Может, и ей надеть маску, как сделала Медери?
Открывается дверь, входит Дока, врач, отец Хедвиги Доки. Завидев ряженых, он даже коленками пристукивает от смеха. Ну, уж ее-то отец… Даже представить себе нельзя, чтобы ее отец пришел в какое-нибудь такое место, сел, смеялся, уплетал сандвичи!… Куда там! Отец не заглядывал в школу даже для того, чтобы поинтересоваться ею, он просил ее избавить от этого и Виолу. Жить и работать следует так, чтобы и без всех этих хождений и бесед они были бы избавлены от каких-либо неожиданностей при выдаче табелей. Если он узнает, что она, его дочь, навлекла на него позор, если имя Кевари, его имя… Словом, пусть остерегается!

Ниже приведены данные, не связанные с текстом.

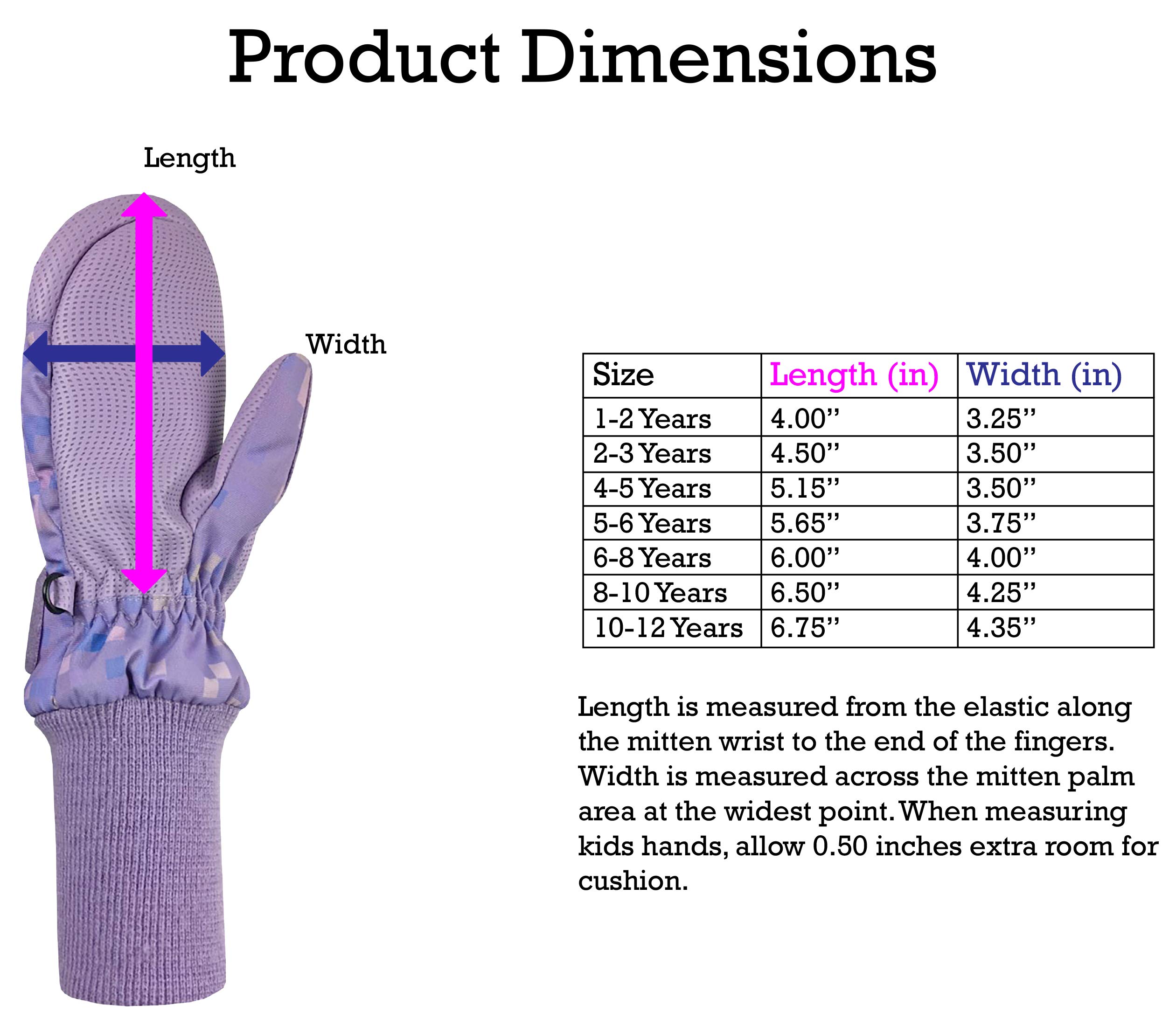 PRODUCT DIMENSIONS: Length (L) is measured from the elastic along the mitten wrist to the end of the fingers; Width (W) is measured across the mitten palm area at the widest point: 1-2 years (4.0" L, 3.25" W); 2-3 years (4.5" L, 3.5" W); 4-5 years (5.15" L, 3.5" W); 6-8 Years (6.0" L, 4.0" W); 8-10 Years (6.5" L, 4.25" W). When measuring kids hands, allow 0.5 inches extra room for cushion.
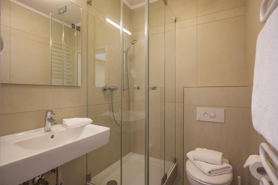 Clean, all you need in an appartment, well equiped kitchen, comfy beds, all kinds of facilities (skiroom, table tennis, biliard), very nice and kind staff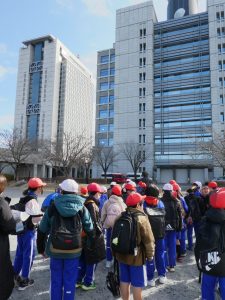 茨城県庁に着きました。予想以上におおきな庁舎に、さすがの4年生も少し緊張気味です・・・。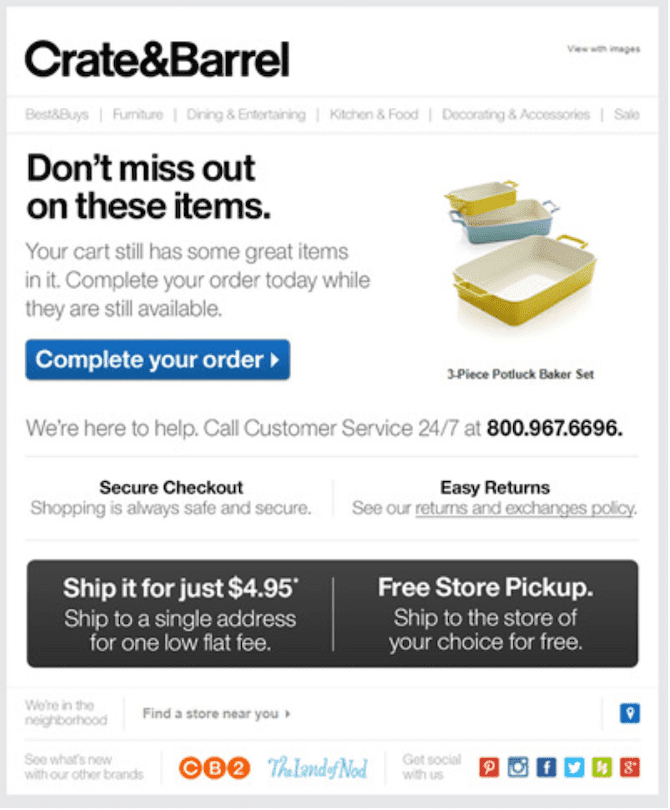 Usually the first email is a simple reminder to catch people who have simply forgotten about their purchase that you send within a couple of hours. You don’t typically want to include any discounts or special offers in this email as chances are it’ll already achieve a decent conversion rate anyway.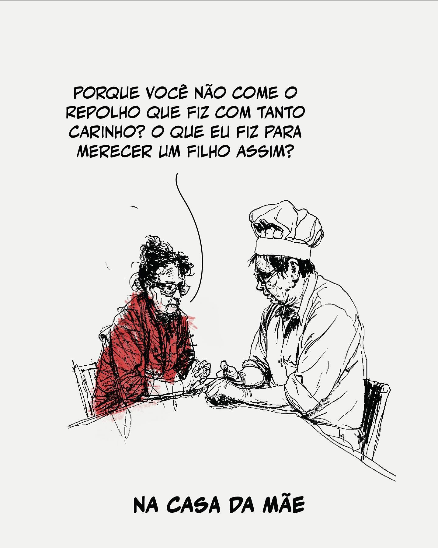 3. Na Casa da Mãe: Mãe reclamando: "Porque você não come o repolho que fiz com tanto carinho? O que eu fiz para merecer um filho assim?".

Однажды, когда у нее начиналась скарлатина, она не приготовила урок по венгерскому языку. Из какой же дали приходит это воспоминание, из каких бездонных глубин! Она получила замечание, ей дали записку к родителям и велели показать ее дома. Домой она не пошла, отправилась куда глаза глядят, плача навзрыд, температура уже поднималась – она была тогда совсем маленькая, третьеклассница, ей едва исполнилось восемь; она плелась со своей корзиночкой по берегу Дуная, там и увидел ее полицейский, отвел в участок – она к тому времени уже почти теряла сознание от жара и слабости. В участке ее окружили, кто-то посадил на колени, ей принесли поесть, а один полицейский сказал: «Ах ты, куколка!» Куколка… Дома никто не ласкал ее. Мамы не было, отец целыми днями сидел в лаборатории и работал. Забрала ее из участка Виола, вечер был ужасный.